GIVEN DATA>
·····
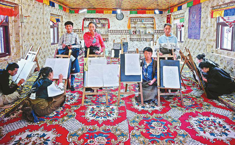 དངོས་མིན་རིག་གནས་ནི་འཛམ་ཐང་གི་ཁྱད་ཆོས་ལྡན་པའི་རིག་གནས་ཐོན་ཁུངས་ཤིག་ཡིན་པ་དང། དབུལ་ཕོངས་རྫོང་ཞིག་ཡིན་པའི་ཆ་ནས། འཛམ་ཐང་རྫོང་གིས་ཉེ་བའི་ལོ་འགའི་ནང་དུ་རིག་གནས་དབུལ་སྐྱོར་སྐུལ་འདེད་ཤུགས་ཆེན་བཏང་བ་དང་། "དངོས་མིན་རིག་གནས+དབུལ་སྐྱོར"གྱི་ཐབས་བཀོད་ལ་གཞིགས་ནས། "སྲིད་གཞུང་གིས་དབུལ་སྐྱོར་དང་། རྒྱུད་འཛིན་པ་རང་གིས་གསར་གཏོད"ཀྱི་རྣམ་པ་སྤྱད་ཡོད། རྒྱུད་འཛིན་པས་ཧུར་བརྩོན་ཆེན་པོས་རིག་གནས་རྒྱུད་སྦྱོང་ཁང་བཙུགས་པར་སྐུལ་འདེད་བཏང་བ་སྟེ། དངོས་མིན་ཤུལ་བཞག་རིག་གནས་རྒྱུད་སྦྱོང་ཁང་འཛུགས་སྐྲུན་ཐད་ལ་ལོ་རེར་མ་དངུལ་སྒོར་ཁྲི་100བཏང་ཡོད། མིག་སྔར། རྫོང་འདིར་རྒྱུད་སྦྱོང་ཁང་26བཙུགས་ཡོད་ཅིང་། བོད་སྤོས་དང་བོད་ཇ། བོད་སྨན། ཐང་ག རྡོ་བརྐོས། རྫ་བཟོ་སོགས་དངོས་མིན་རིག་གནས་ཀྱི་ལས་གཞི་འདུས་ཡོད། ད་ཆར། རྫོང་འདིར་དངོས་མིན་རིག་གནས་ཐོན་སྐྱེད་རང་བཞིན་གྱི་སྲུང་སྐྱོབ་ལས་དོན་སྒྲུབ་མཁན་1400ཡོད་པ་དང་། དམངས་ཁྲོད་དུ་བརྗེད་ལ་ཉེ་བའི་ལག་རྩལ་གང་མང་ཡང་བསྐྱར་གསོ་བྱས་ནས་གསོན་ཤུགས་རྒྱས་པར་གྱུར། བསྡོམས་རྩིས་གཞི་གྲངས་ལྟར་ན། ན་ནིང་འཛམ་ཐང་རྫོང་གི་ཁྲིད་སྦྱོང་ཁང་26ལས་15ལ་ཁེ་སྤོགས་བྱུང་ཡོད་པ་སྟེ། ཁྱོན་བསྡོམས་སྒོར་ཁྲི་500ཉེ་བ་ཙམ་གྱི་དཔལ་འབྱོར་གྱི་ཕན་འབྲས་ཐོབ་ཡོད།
·····
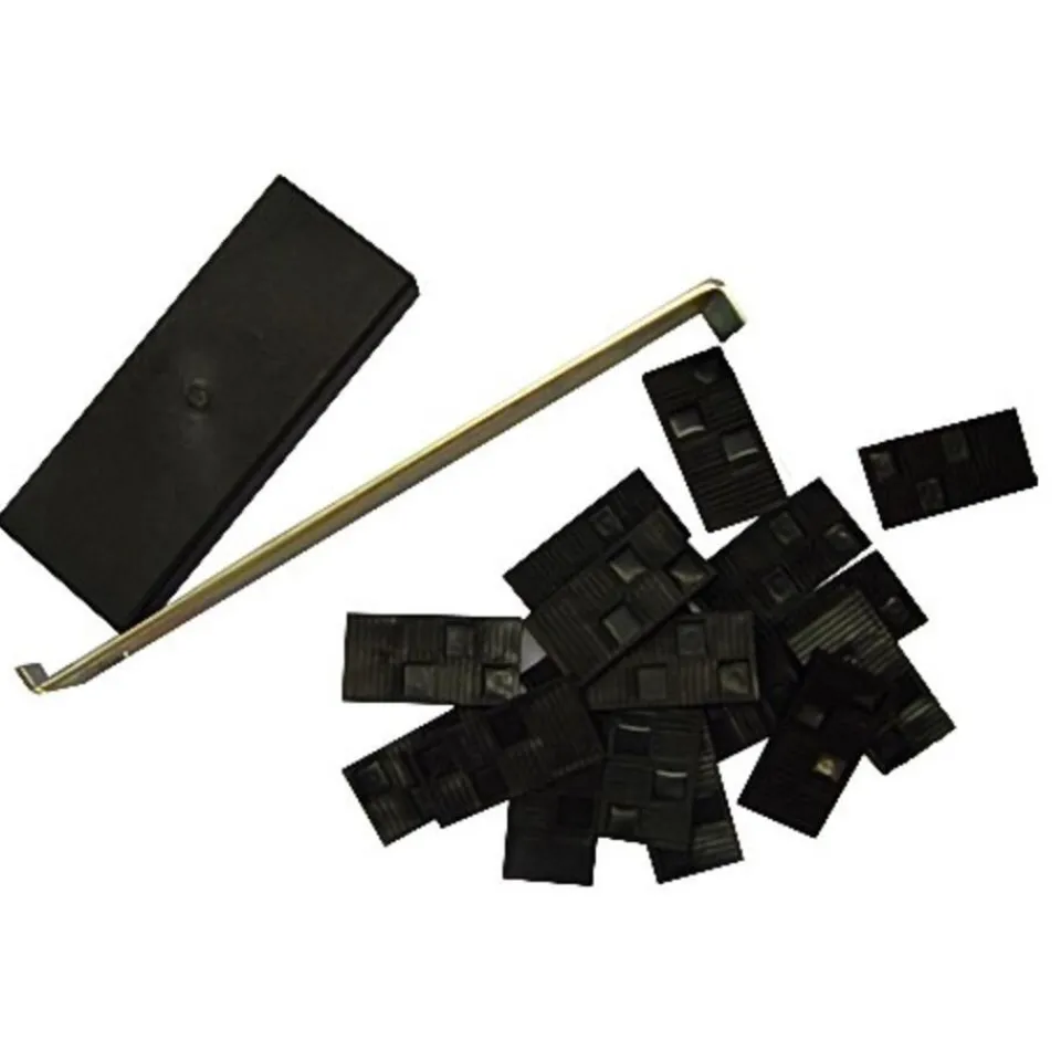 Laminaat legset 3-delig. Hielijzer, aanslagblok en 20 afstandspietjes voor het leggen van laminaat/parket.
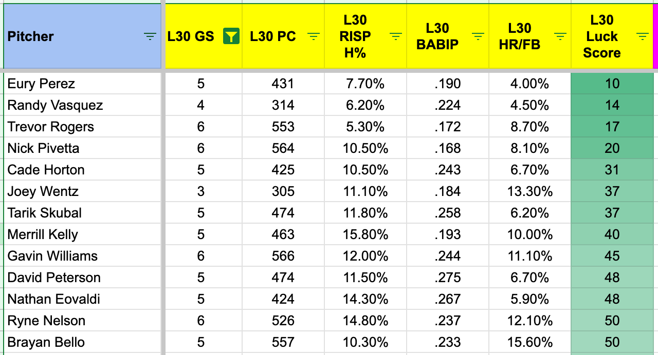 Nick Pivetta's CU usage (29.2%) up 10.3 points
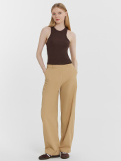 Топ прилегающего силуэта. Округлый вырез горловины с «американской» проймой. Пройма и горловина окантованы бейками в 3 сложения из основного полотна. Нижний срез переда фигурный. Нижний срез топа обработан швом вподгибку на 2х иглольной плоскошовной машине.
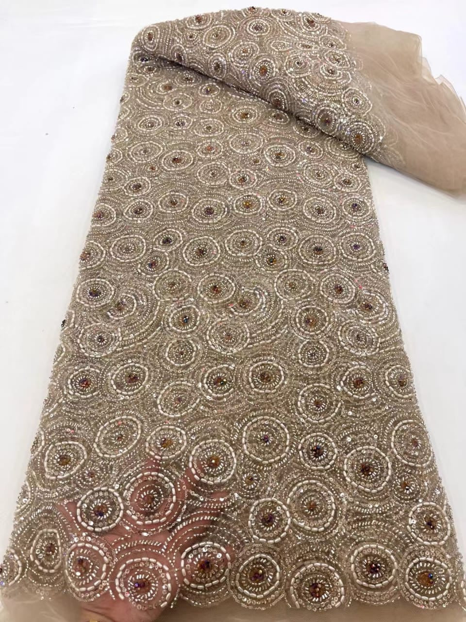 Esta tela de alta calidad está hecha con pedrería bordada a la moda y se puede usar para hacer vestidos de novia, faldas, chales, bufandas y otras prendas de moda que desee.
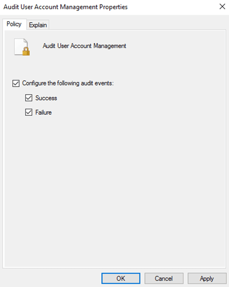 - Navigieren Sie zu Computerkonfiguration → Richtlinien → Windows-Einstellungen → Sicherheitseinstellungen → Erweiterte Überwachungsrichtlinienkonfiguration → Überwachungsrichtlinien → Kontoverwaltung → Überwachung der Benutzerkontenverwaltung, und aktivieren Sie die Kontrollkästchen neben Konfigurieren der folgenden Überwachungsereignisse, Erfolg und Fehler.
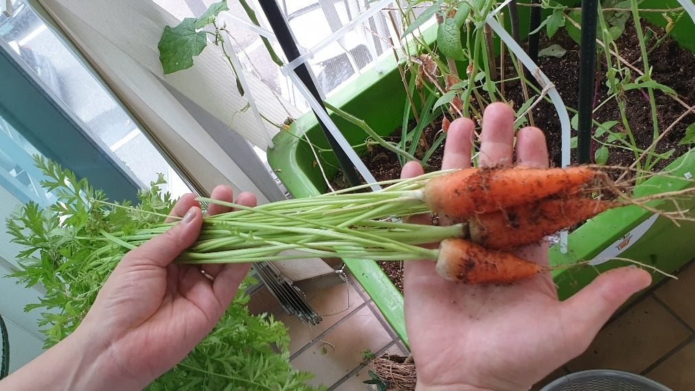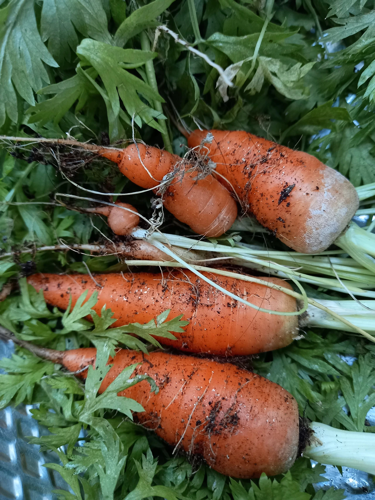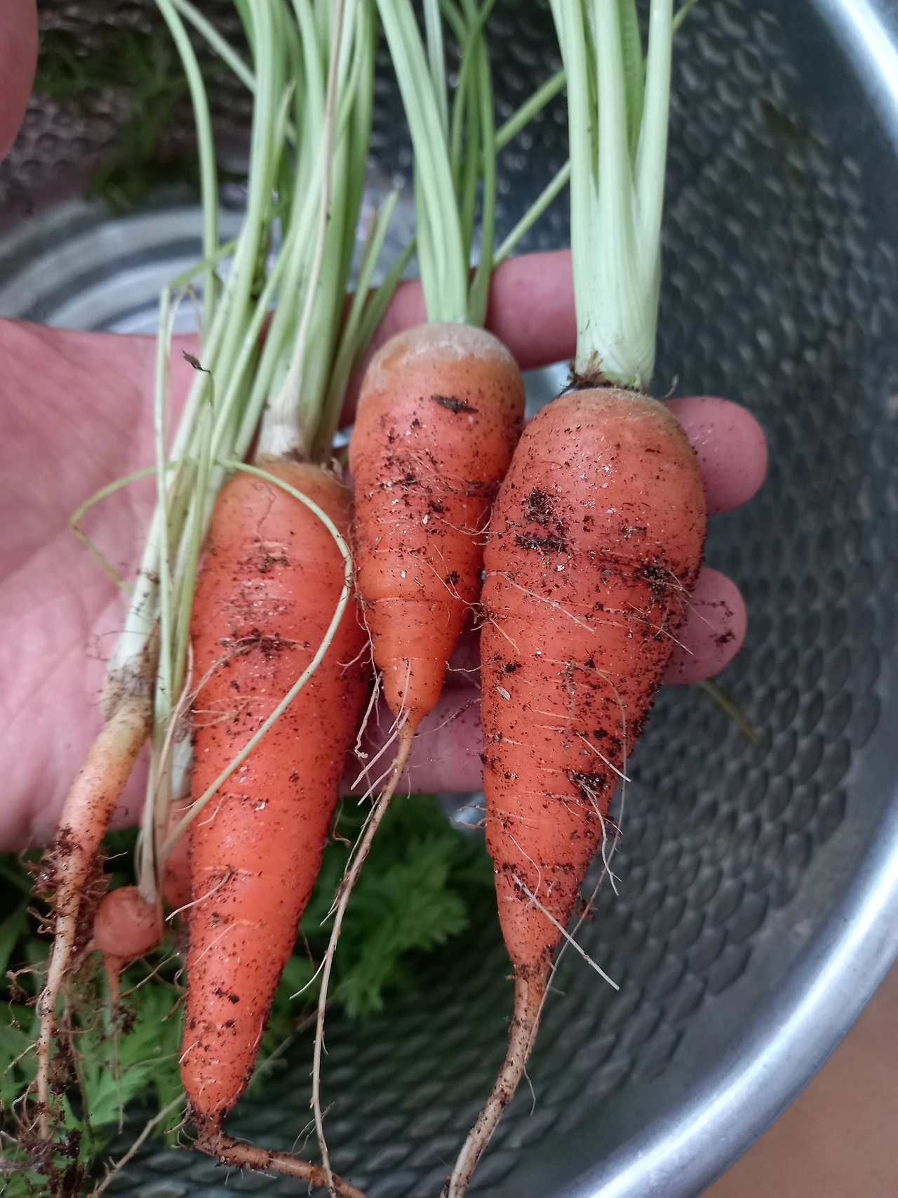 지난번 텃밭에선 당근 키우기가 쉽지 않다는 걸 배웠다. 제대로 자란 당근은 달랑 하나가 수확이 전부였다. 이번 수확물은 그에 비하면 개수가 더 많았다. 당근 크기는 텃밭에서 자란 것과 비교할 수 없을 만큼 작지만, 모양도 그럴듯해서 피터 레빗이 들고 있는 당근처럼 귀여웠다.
·····
Go to the line above holding "- Navigieren Sie", then copy exactly each line down to and including the one holding "지난번 텃밭에선 당근", leaving pictures out.

EXERCISE ANSWER>
 - Navigieren Sie zu Computerkonfiguration → Richtlinien → Windows-Einstellungen → Sicherheitseinstellungen → Erweiterte Überwachungsrichtlinienkonfiguration → Überwachungsrichtlinien → Kontoverwaltung → Überwachung der Benutzerkontenverwaltung, und aktivieren Sie die Kontrollkästchen neben Konfigurieren der folgenden Überwachungsereignisse, Erfolg und Fehler.
 지난번 텃밭에선 당근 키우기가 쉽지 않다는 걸 배웠다. 제대로 자란 당근은 달랑 하나가 수확이 전부였다. 이번 수확물은 그에 비하면 개수가 더 많았다. 당근 크기는 텃밭에서 자란 것과 비교할 수 없을 만큼 작지만, 모양도 그럴듯해서 피터 레빗이 들고 있는 당근처럼 귀여웠다.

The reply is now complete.